__Problem statement__
Give the lines again exactly as they appear, from the first line of the listing through the line containing "Publié le 23", and omit every picture.

__Information supplied__
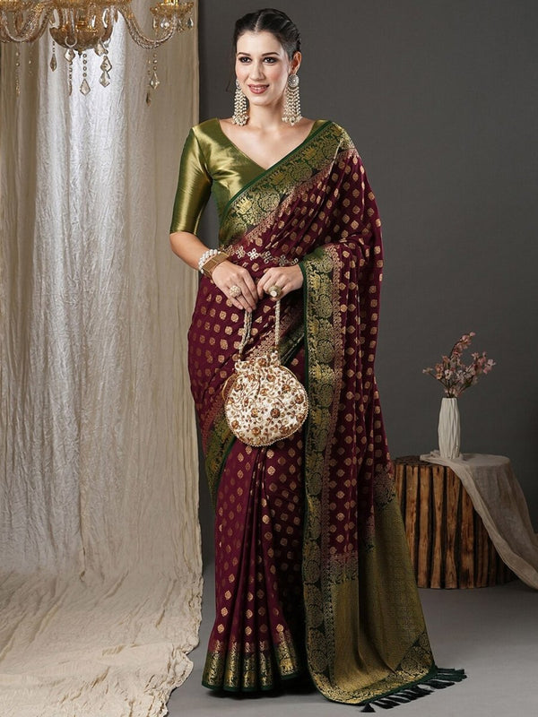 Anouk Burgundy & Green Ethnic Motifs Woven Design Zari Pure Georgette Kanjeevaram Saree - Distacart
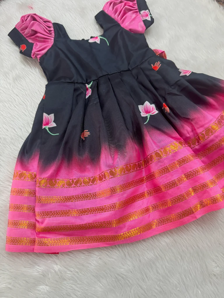 - This black frock features an eye-catching pink ombre effect that transitions to a rich, traditional zari border. We love the delicate pink lotus flower and hand prints and the sweet, ruched puff sleeves for a festive look.
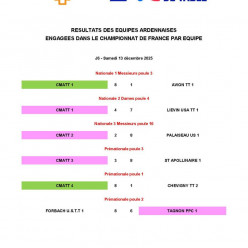Publié le 23 décembre 2025Cette 6ième journée a permis à l'équipe 2 d'assurer le maintien avant la dernière journée. L'équipe 1 recevait l'équipe 3 de Chan...
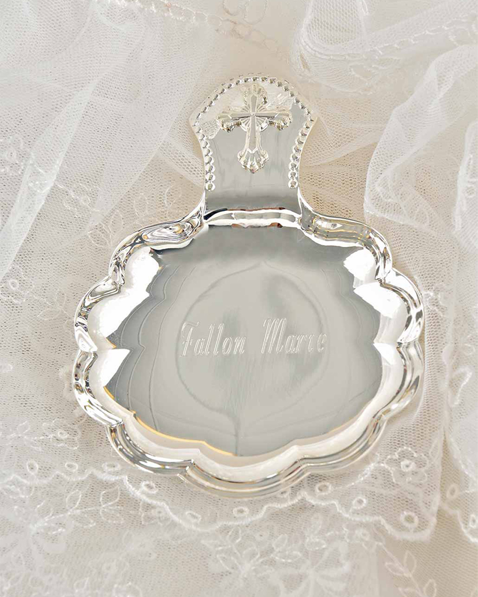 This gorgeous silver-plate baptismal shell with intricate cross embellishment is personalized for baby’s special day: add engraving for only a penny!
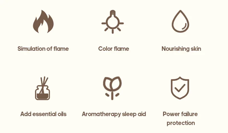 Function: aroma oil atomization, no intelligent scheduled water stop, colorful environmental lighting & realistic flame night light
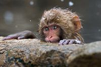 Een schattige jonge sneeuwaap rust even uit aan de rand van de warm water bron. De sneeuwapen zijn onderling behoorlijk competitief en daardoor ook erg actief en alert. Even uitrusten is soms dus wel even lekker en nodig ;)
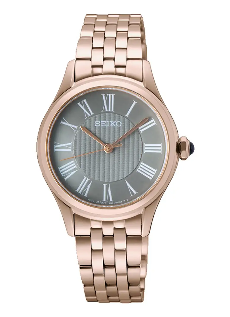 Seiko Classic SUR614P1 to elegancki damski zegarek, który łączy klasyczny styl z wyrafinowaną estetyką różowego złota. Model zachwyca biżuteryjnym charakterem – od smukłej koperty, przez pełną subtelnych refleksów bransoletę, po harmonijnie zakomponowaną tarczę.
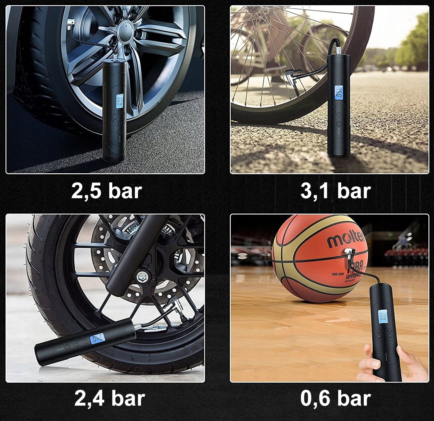 – 4 programirane nastavitve tlaka (avto, motocikel, kolo, žoga)
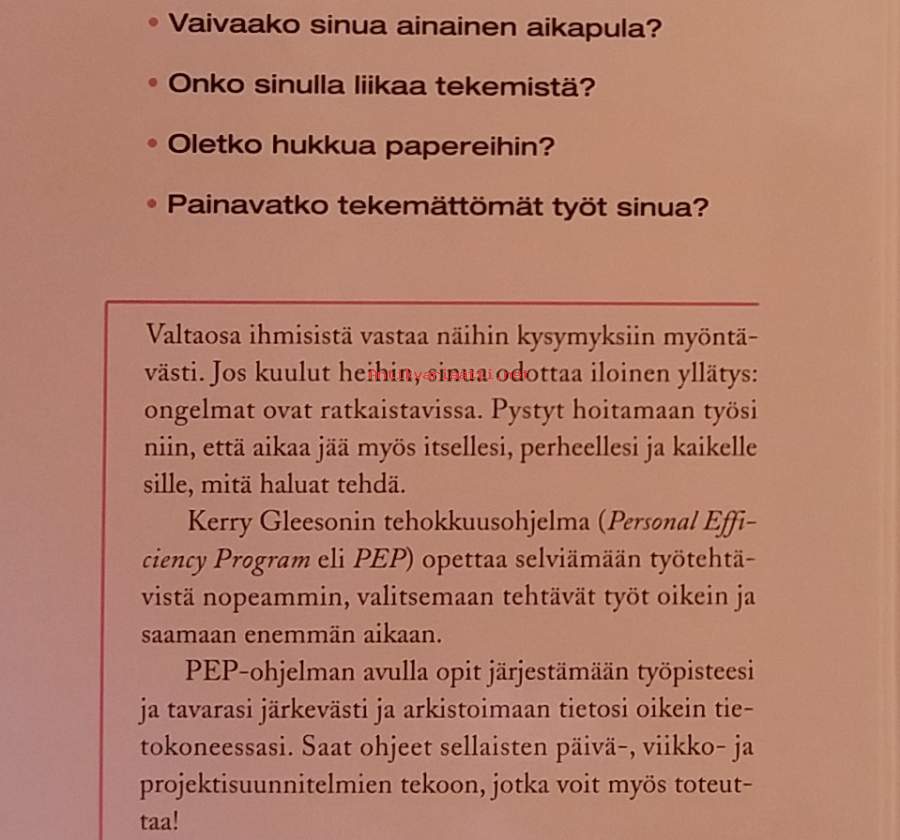 Kerry Gleesonin tehokkuusohjelma (Personal Efficiency Program eli PEP) opettaa selviämään työtehtävistä nopeammin, valitsemaan tehtävät työt oikein ja saamaan enemmän aikaan. PEP-ohjelman avulla opit järjestämään työpisteesi ja tavarasi järkevästi ja arkistoimaan tietosi oikein tietokoneessasi. Saat ohjeet sellaisten päivä-, viikko- ja projektisuunnitelmien tekoon, jotka voit myös toteuttaa!
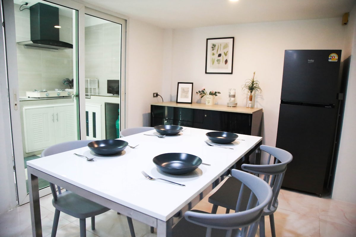 Casa de estilo de vida confortável, Townhome 3,5 andares, com 4 quartos, 3 banheiros, 1 sala de estar e sala de jantar Cozinha totalmente equipada (fogão a gás, micro-ondas, chaleira, geladeira, utensílios de cozinha). Máquina de lavar roupa e área de secagem de roupas. Onde você pode ficar em espaços e pacificamente, mas também localização conveniente para acessar qualquer lugar em Bangkok pela linha de trem BTS Sky conexão perfeita com a maioria das atrações populares de BKK. Apenas 900M por 12 minutos a pé até BTS Bearing!!!

__Response box__
 Anouk Burgundy & Green Ethnic Motifs Woven Design Zari Pure Georgette Kanjeevaram Saree - Distacart
 - This black frock features an eye-catching pink ombre effect that transitions to a rich, traditional zari border. We love the delicate pink lotus flower and hand prints and the sweet, ruched puff sleeves for a festive look.
Publié le 23 décembre 2025Cette 6ième journée a permis à l'équipe 2 d'assurer le maintien avant la dernière journée. L'équipe 1 recevait l'équipe 3 de Chan...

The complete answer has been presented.